Und jetzt wollte ich mir die Thermi-ic Basixx bestellen. Sollte ich das tun?


----------



## Tobsn (8. Januar 2010)

Also dass Batterien vorgeladen sind ist normal.

Hast Du die Dinger jetzt wirklich mal beim Radeln angehabt?
Schafft es die Heizung die Kältebrücke durch Cleats zu unterdrücken.

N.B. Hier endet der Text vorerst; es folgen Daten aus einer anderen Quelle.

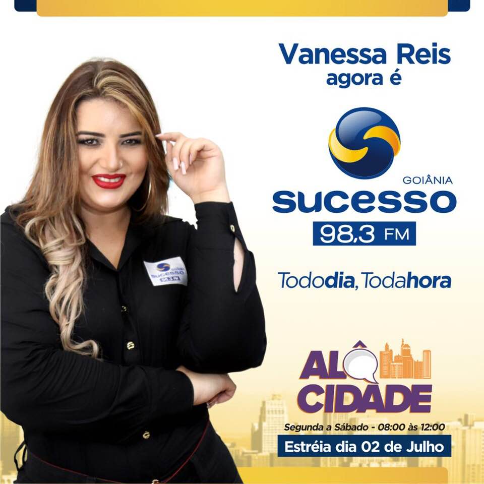 A locutora Vanessa Reis, que já trabalhou nas principais rádios do Tocantins e por quase dois anos na Rádio Terra FM de Goiânia, é a mais nova contratação da Rádio Sucesso FM 98.3. Vanessa Reis.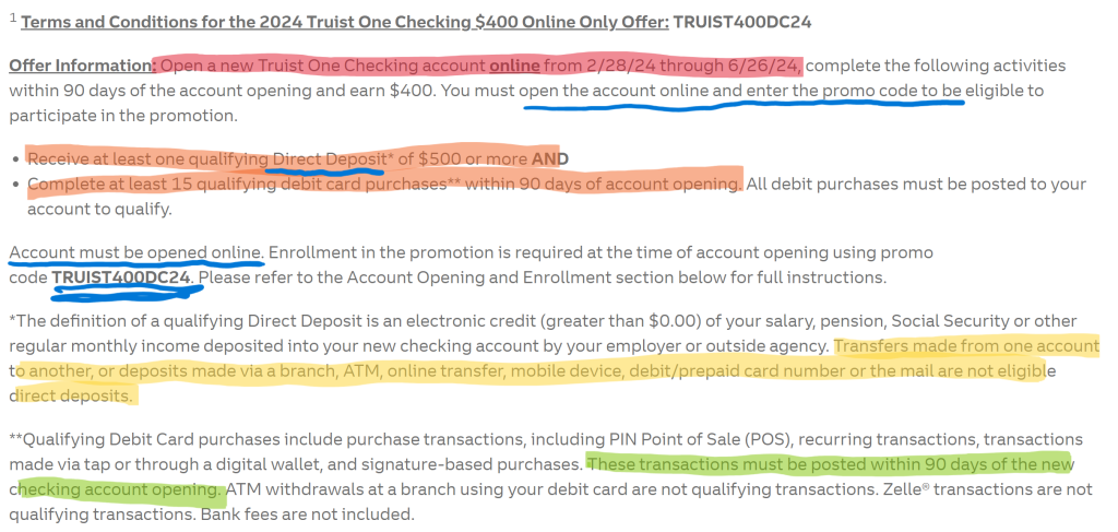 - I also, must open the account and use the promo code (as seen above – TRUIST400DC24)
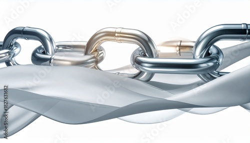 Obraz premium Metal chains interlinked with silver ribbon creating a dynamic visual effect...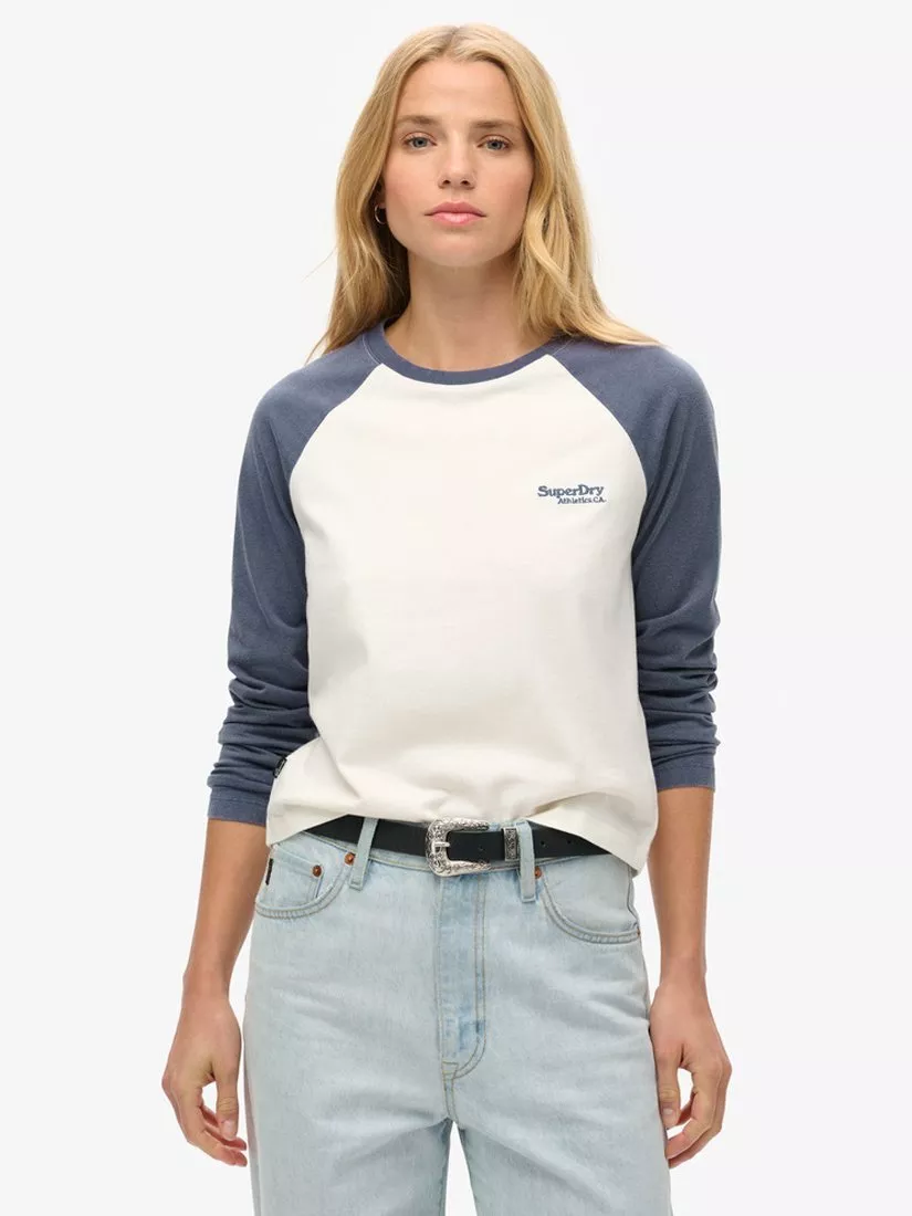 SuperdryEssential Logo Long Sleeve Baseball Top, Mariner Navy/Optic£26.99Mariner Navy/Optic is availableNavy/Mariner Navy is availableNavy/Desert Bone is availableGrey Marl/Desert Bow is availableRed/Glacier Grey Marl is available+ More colours available

Ich wurde die Schuhheizung eh sofort am Start anschalten.
Ne Schuhheizung soll den Fuss warm halten, nicht auftauen.
Dann muss die Heizung auch nicht immer auf Vollast laufen und sollte die 3 Stunden für ne normale Schneetour warm halten.

Danke.


----------



## Uphillerer (8. Januar 2010)

mamba64 schrieb:


> Also ich habe null Ahnung von Akkus.
> Ich habe mir jetzt die therm-ic Basix für 50 EUR bei ebay besorgt, eneloops rein (auch Ni-MH, oder?) und gut ist.
> Feuert bei mir auf Stufe 3 etwa 2.5 Stunden und meist reicht eh Stufe 2.
> 
> Ich habe schon bein ca. -8 Grad getestet und bin absolut zufrieden...


 
Wie schon mehrfach geschrieben, ist das Thermic-Produkt Basix für 50,- absolut zuverlässig und funktionell. Mit den richtigen Akkus hält die Stufe 1 bis zu 8 Stunden. Reicht, um das Blut in Bergstiefeln ordentlich am zirkulieren zu halten.


----------



## alfrako (11. Januar 2010)

TedStryker71 schrieb:


> Hi, erstmal danke für das Feedback. Bin letzten Winter in Sommerschuhen + Überschuhe gefahren und habe eigentlich immer kalte, teils "gefühlt abgefrorene" Füße gehabt.
> Habe mir jetzt zu einen hoffentlich gute Winterschuhe bestellt (Northwave Celsius J GTX) - will aber nix mehr dem Zufall überlassen und an kalten Tagen lieber auch noch Heizsohlen reinlegen. Denn diese Stunde nach dem fahren wenn die Füße wieder zum Leben erwachen sind teils echt höllisch unangenehem gewesen!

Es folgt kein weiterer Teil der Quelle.